How to complete this task:
Word for word, restate the lines from the one holding "Rustic turquoise - teal" through the last line of the material below, and leave every picture out.

Dataset excerpt:

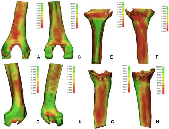Data provided with the 3D model regarding bone thickness (low thickness red color, high thickness green color). (A) Anterior femur; (B) posterior femur; (C) medial femur; (D) lateral femur. Al the femoral images showed low bone thickness at the femoral cortex. (E) anterior tibia; (F) posterior tibia; (G) medial tibia; (H) lateral tibia. All tibial images show poor bone thickness except for anterior tibial cortex.
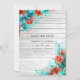 Rustic turquoise - teal and coral watercolor roses and tropical foliage wedding save the date with trendy calligraphy designed to be quickly and easily customised.
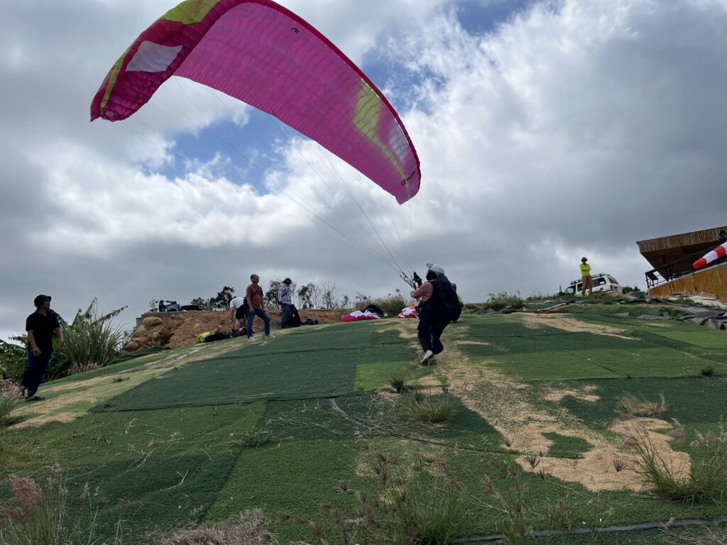 朝食後、8時集合でニャチャンエリアへ30分ほど移動、入山後にランディング注意事項を聞いてランクルでテイクオフへ。想像以上のオフロード、小川のような場所も渡ったり、土の急斜面を上がったり…30分かけて頭をぶつけたりしながらの海抜520mまでの道のり。

Solution for this task:
 Rustic turquoise - teal and coral watercolor roses and tropical foliage wedding save the date with trendy calligraphy designed to be quickly and easily customised.
 朝食後、8時集合でニャチャンエリアへ30分ほど移動、入山後にランディング注意事項を聞いてランクルでテイクオフへ。想像以上のオフロード、小川のような場所も渡ったり、土の急斜面を上がったり…30分かけて頭をぶつけたりしながらの海抜520mまでの道のり。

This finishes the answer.